* **Activity**:
An exact transcription of the listing, without its images, is what the answer must contain.

═══ Data shown

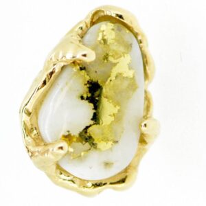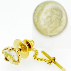 Check out this14k gold tie tack featuring pear shaped gold bearing quartz. It is about 1/2″ tall.
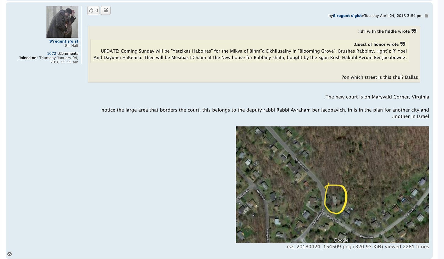 Above: Screenshot from the Yiddish-language message board, Ivelt.com, detailing a plan to create a new town at the current United Jewish Community headquarters in 2018. That same year, United Jewish Community founding member, and slumlord, Moche Halpern purchased 26 Virginia Avenue, which is part of the Green Area situation.
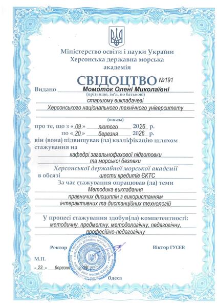 Старший викладач кафедри економіки, підприємництва та економічної безпеки Олена Момоток успішно пройшла підвищення кваліфікації на базі Херсонської державної морської академії. Стажування тривало у період з 9 лютого по 20 березня 2026 року та було присвячене актуальним питанням методики викладання правничих дисциплін із використанням інтерактивних та дистанційних технологій. У межах програми було опрацьовано сучасні підходи до формування професійних компетентностей, зокрема методичних, предметних, педагогічних і професійно-педагогічних.
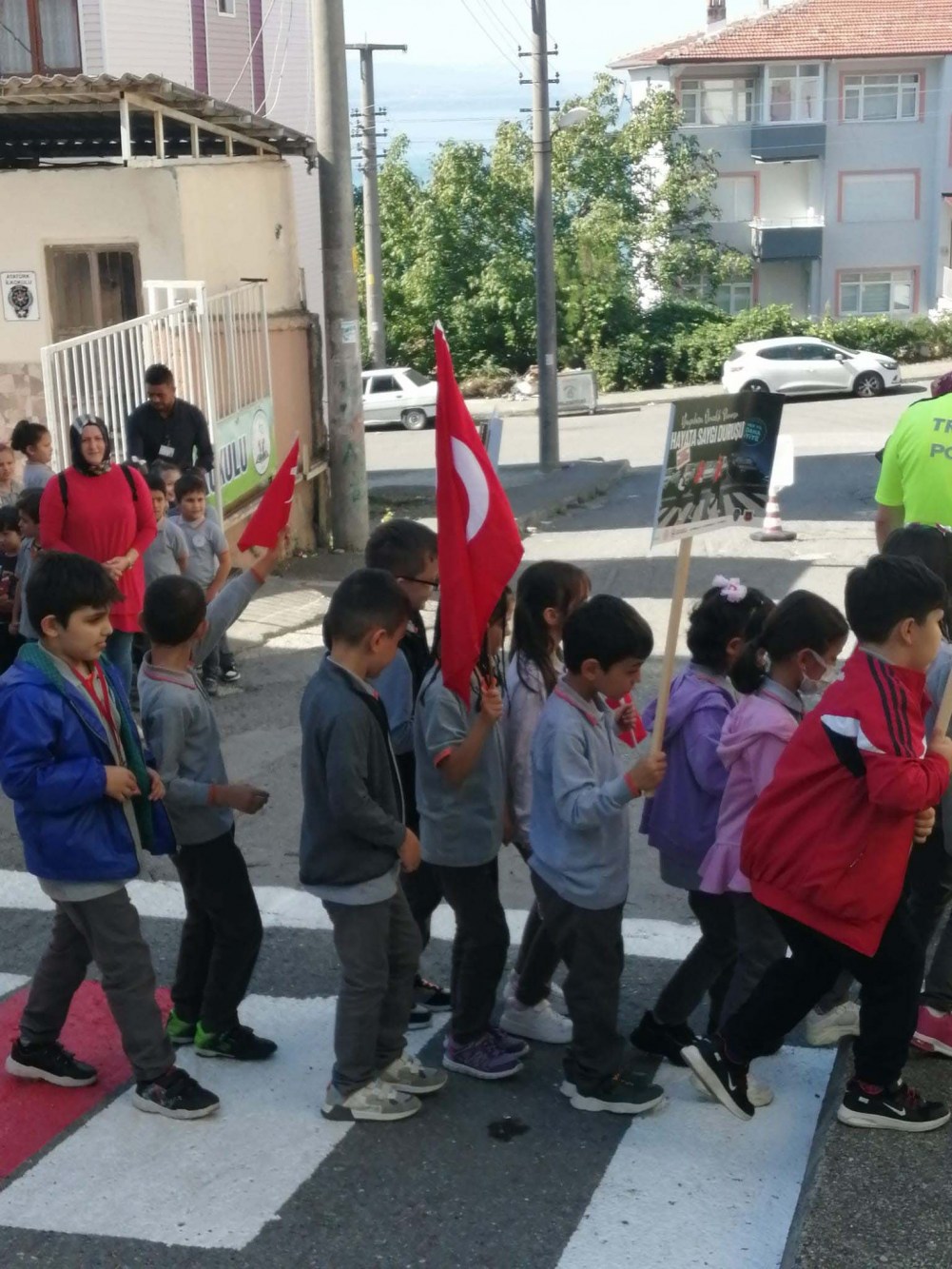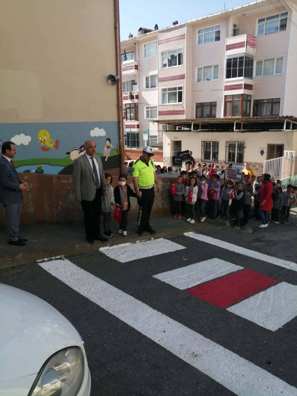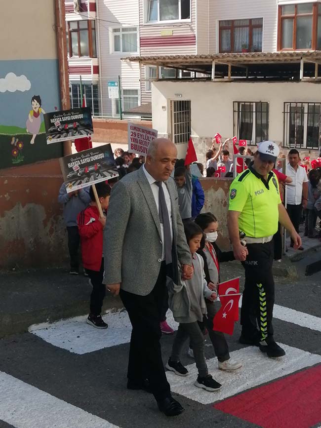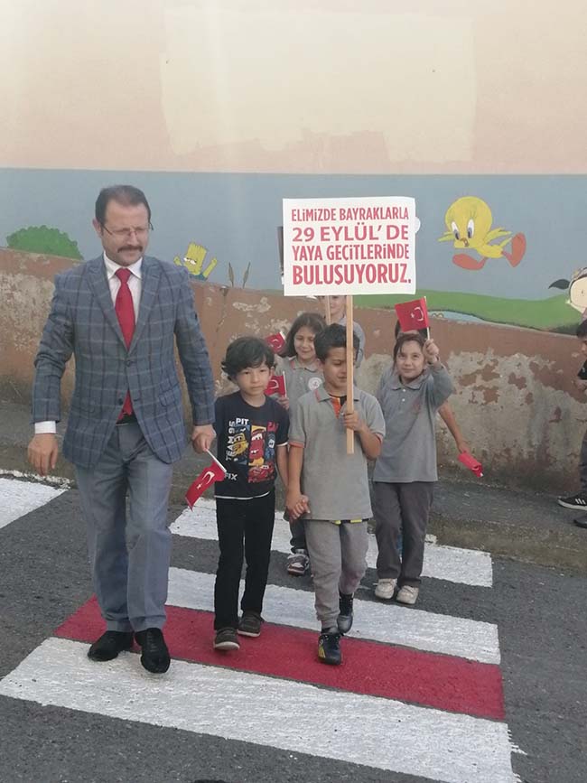 Zonguldak’ın Alaplı İlçesindeki Atatürk İlkokulu önünde Kaymakam Vedat Yılmaz ile İlçe Milli Eğitim Müdürü Cevat Çevik, öğrencilerle birlikte boyanan yaya geçidini üzerinden öğrencilerle birlikte üzerinden geçti. Alaplı dahil Türkiye çapında yayalara karşı yaptığı davranışın örnek olduğunu belirten Kaymakam Yılmaz, "Alaplı, Türkiye çapında örnek bir tutum ve davranış içinde. Çünkü Alaplı’ya geldiğimiz zaman hepimiz görüyoruz ki yayalarımız yola adım attığı zaman sürücülerimiz saygılı ve hemen duruyorlar. Yayalara yol veriyorlar" dedi.

══════

* **Response below**:
 Check out this14k gold tie tack featuring pear shaped gold bearing quartz. It is about 1/2″ tall.
 Above: Screenshot from the Yiddish-language message board, Ivelt.com, detailing a plan to create a new town at the current United Jewish Community headquarters in 2018. That same year, United Jewish Community founding member, and slumlord, Moche Halpern purchased 26 Virginia Avenue, which is part of the Green Area situation.
 Старший викладач кафедри економіки, підприємництва та економічної безпеки Олена Момоток успішно пройшла підвищення кваліфікації на базі Херсонської державної морської академії. Стажування тривало у період з 9 лютого по 20 березня 2026 року та було присвячене актуальним питанням методики викладання правничих дисциплін із використанням інтерактивних та дистанційних технологій. У межах програми було опрацьовано сучасні підходи до формування професійних компетентностей, зокрема методичних, предметних, педагогічних і професійно-педагогічних.
 Zonguldak’ın Alaplı İlçesindeki Atatürk İlkokulu önünde Kaymakam Vedat Yılmaz ile İlçe Milli Eğitim Müdürü Cevat Çevik, öğrencilerle birlikte boyanan yaya geçidini üzerinden öğrencilerle birlikte üzerinden geçti. Alaplı dahil Türkiye çapında yayalara karşı yaptığı davranışın örnek olduğunu belirten Kaymakam Yılmaz, "Alaplı, Türkiye çapında örnek bir tutum ve davranış içinde. Çünkü Alaplı’ya geldiğimiz zaman hepimiz görüyoruz ki yayalarımız yola adım attığı zaman sürücülerimiz saygılı ve hemen duruyorlar. Yayalara yol veriyorlar" dedi.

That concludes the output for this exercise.